══ RECORDS FOR PROCESSING

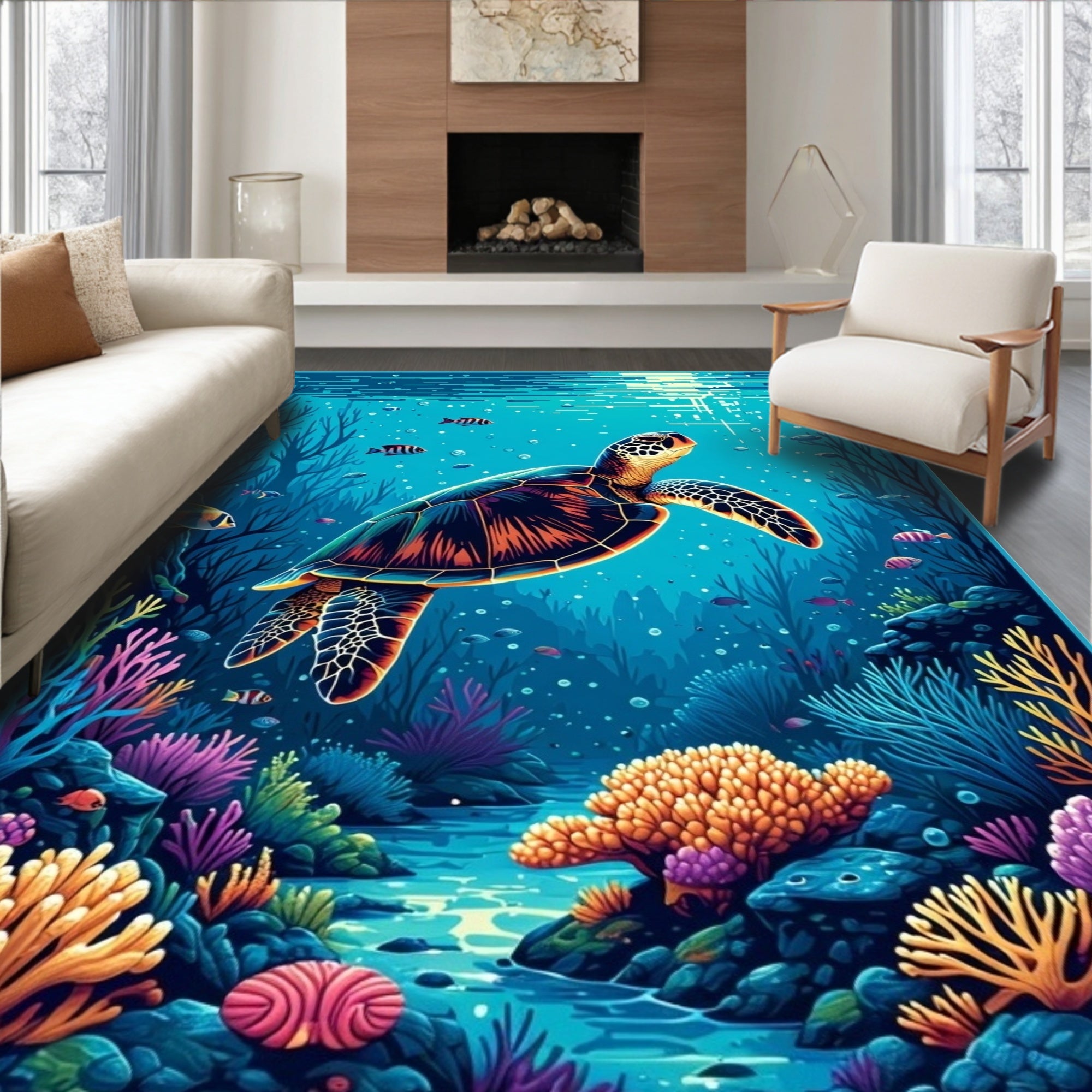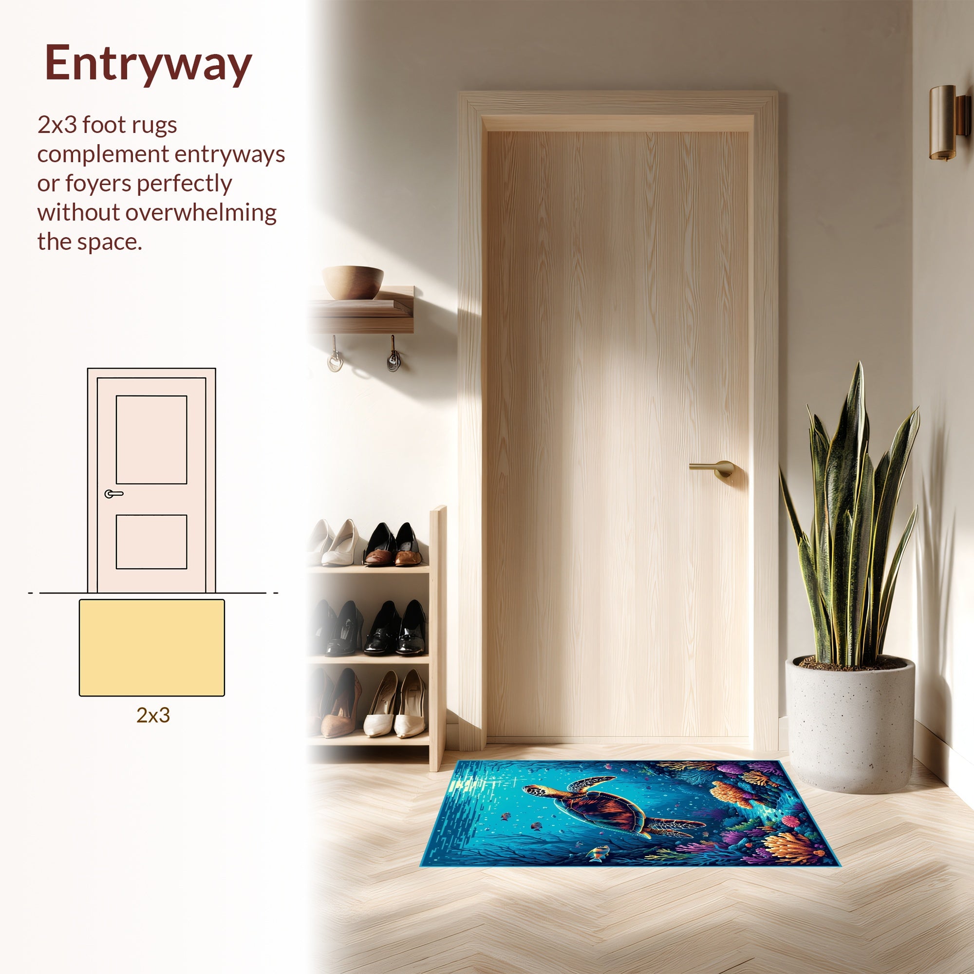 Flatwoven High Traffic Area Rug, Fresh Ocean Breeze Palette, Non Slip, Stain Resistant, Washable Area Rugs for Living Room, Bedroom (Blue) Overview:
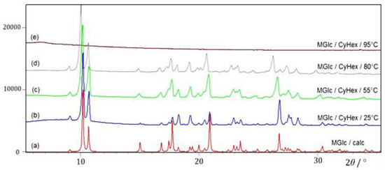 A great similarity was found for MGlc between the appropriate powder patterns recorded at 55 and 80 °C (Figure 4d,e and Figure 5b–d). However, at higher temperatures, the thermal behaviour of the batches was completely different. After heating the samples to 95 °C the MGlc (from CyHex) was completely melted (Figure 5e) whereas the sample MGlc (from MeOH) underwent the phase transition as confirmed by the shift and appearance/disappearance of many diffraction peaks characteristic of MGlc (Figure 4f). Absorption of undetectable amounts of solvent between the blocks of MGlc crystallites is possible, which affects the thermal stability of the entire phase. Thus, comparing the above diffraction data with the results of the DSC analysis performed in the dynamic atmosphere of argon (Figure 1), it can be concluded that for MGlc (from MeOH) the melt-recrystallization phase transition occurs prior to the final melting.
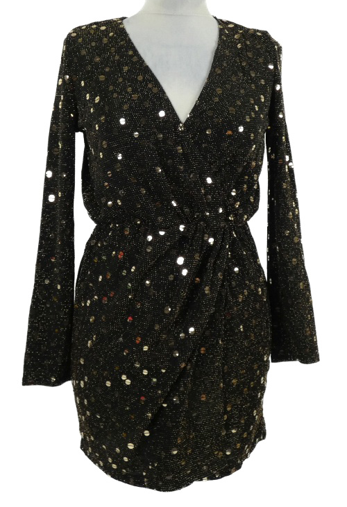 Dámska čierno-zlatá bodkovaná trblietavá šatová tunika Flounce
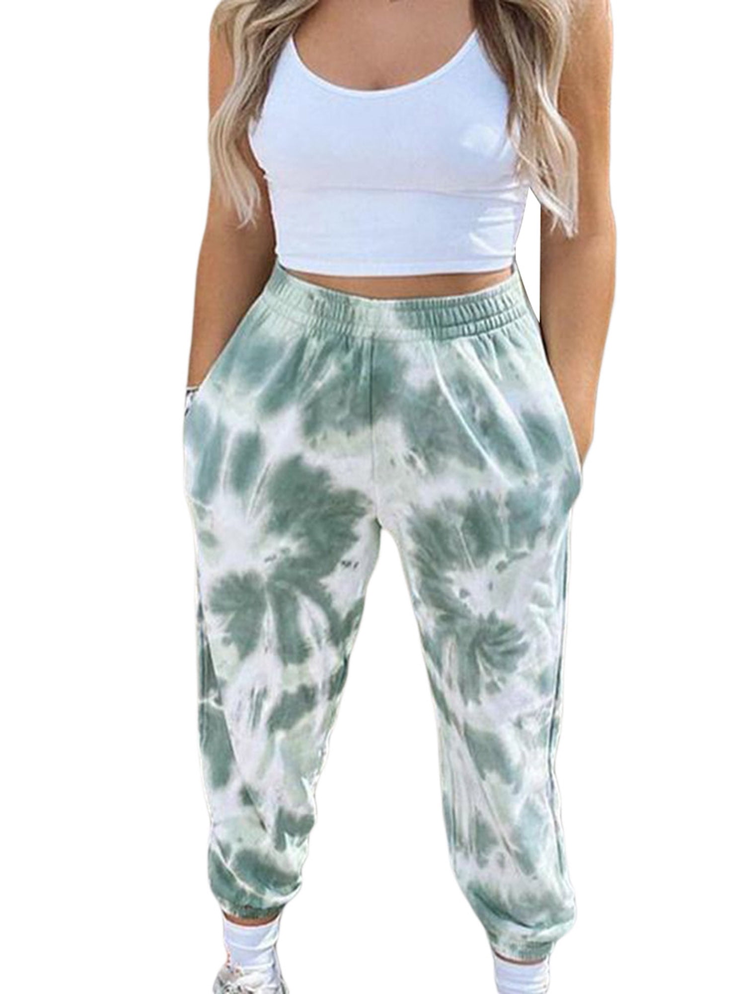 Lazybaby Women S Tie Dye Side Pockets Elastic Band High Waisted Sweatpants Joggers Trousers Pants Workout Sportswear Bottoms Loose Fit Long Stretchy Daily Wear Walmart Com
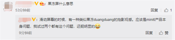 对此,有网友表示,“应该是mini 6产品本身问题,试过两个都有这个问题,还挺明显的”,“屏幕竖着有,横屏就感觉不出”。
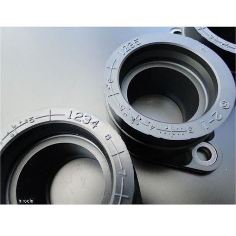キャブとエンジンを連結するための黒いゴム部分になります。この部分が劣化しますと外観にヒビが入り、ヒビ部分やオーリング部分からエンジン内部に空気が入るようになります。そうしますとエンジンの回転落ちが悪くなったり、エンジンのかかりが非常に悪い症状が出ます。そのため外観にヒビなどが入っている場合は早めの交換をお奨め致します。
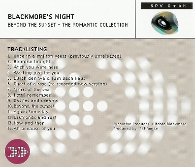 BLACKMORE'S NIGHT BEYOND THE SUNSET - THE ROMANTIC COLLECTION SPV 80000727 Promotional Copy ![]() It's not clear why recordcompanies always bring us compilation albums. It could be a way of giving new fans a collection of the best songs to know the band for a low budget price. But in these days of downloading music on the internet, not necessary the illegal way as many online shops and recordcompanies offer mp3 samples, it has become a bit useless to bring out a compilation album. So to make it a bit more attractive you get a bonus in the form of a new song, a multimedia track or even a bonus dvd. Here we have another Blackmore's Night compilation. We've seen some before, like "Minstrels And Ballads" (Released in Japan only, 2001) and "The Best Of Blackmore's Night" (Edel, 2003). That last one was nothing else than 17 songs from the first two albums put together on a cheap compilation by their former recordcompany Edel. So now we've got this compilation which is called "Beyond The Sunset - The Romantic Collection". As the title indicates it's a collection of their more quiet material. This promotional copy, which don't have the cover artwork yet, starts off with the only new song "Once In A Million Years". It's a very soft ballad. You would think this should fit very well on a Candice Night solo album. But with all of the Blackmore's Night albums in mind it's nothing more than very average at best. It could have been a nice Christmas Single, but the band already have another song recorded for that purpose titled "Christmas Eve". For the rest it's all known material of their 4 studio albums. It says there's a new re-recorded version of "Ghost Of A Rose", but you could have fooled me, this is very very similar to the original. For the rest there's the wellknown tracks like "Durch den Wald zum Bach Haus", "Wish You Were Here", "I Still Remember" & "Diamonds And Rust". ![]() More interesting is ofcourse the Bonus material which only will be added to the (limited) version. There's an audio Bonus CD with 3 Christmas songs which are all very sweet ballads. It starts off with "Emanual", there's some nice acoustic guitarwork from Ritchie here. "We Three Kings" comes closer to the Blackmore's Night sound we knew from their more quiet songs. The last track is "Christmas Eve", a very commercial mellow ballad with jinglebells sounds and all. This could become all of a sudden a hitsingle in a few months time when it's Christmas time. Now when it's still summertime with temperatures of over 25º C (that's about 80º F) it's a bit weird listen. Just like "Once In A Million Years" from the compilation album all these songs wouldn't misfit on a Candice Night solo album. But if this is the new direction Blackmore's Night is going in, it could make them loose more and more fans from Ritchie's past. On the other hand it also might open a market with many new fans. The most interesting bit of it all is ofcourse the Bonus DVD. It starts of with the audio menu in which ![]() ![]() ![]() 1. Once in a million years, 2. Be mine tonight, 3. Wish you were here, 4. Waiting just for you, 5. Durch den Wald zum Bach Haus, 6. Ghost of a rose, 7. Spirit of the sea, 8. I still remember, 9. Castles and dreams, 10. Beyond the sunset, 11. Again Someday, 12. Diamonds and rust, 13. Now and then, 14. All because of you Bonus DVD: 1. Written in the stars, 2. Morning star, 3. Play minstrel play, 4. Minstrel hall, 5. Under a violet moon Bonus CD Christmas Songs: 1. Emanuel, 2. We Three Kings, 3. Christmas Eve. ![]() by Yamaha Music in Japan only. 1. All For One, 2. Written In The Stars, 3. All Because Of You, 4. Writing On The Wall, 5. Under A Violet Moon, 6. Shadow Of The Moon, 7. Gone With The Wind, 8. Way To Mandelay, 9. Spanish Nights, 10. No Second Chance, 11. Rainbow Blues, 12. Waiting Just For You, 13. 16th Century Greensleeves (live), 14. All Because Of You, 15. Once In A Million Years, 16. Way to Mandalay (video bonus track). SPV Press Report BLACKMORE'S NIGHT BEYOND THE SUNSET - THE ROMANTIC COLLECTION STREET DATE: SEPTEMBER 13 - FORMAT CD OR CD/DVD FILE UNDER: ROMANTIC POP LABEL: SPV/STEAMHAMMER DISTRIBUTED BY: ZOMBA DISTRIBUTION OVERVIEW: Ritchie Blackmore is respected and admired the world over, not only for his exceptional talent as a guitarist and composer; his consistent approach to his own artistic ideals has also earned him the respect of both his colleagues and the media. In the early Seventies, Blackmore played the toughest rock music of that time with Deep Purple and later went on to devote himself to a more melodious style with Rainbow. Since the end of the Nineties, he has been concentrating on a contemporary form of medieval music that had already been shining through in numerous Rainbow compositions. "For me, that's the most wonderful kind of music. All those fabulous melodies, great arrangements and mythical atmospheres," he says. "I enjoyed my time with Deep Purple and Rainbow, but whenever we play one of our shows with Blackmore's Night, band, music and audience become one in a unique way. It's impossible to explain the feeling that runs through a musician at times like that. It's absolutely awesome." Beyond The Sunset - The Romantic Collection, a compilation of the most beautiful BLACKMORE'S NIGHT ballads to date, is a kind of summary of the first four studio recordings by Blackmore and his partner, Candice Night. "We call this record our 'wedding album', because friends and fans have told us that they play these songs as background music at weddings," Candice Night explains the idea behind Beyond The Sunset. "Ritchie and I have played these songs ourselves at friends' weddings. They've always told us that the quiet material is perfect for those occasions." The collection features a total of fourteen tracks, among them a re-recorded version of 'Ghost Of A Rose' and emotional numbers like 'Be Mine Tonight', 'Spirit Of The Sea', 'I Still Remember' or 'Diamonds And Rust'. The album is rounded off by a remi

════

**TASK PROMPT:** Restate exactly, please, only the lines between the start of the data and the line containing "キャブとエンジンを連結するた", both ends included, skipping the pictures.

**SOLUTION FOR THIS TASK:**
 Flatwoven High Traffic Area Rug, Fresh Ocean Breeze Palette, Non Slip, Stain Resistant, Washable Area Rugs for Living Room, Bedroom (Blue) Overview:
 A great similarity was found for MGlc between the appropriate powder patterns recorded at 55 and 80 °C (Figure 4d,e and Figure 5b–d). However, at higher temperatures, the thermal behaviour of the batches was completely different. After heating the samples to 95 °C the MGlc (from CyHex) was completely melted (Figure 5e) whereas the sample MGlc (from MeOH) underwent the phase transition as confirmed by the shift and appearance/disappearance of many diffraction peaks characteristic of MGlc (Figure 4f). Absorption of undetectable amounts of solvent between the blocks of MGlc crystallites is possible, which affects the thermal stability of the entire phase. Thus, comparing the above diffraction data with the results of the DSC analysis performed in the dynamic atmosphere of argon (Figure 1), it can be concluded that for MGlc (from MeOH) the melt-recrystallization phase transition occurs prior to the final melting.
 Dámska čierno-zlatá bodkovaná trblietavá šatová tunika Flounce
 Lazybaby Women S Tie Dye Side Pockets Elastic Band High Waisted Sweatpants Joggers Trousers Pants Workout Sportswear Bottoms Loose Fit Long Stretchy Daily Wear Walmart Com
 对此,有网友表示,“应该是mini 6产品本身问题,试过两个都有这个问题,还挺明显的”,“屏幕竖着有,横屏就感觉不出”。
キャブとエンジンを連結するための黒いゴム部分になります。この部分が劣化しますと外観にヒビが入り、ヒビ部分やオーリング部分からエンジン内部に空気が入るようになります。そうしますとエンジンの回転落ちが悪くなったり、エンジンのかかりが非常に悪い症状が出ます。そのため外観にヒビなどが入っている場合は早めの交換をお奨め致します。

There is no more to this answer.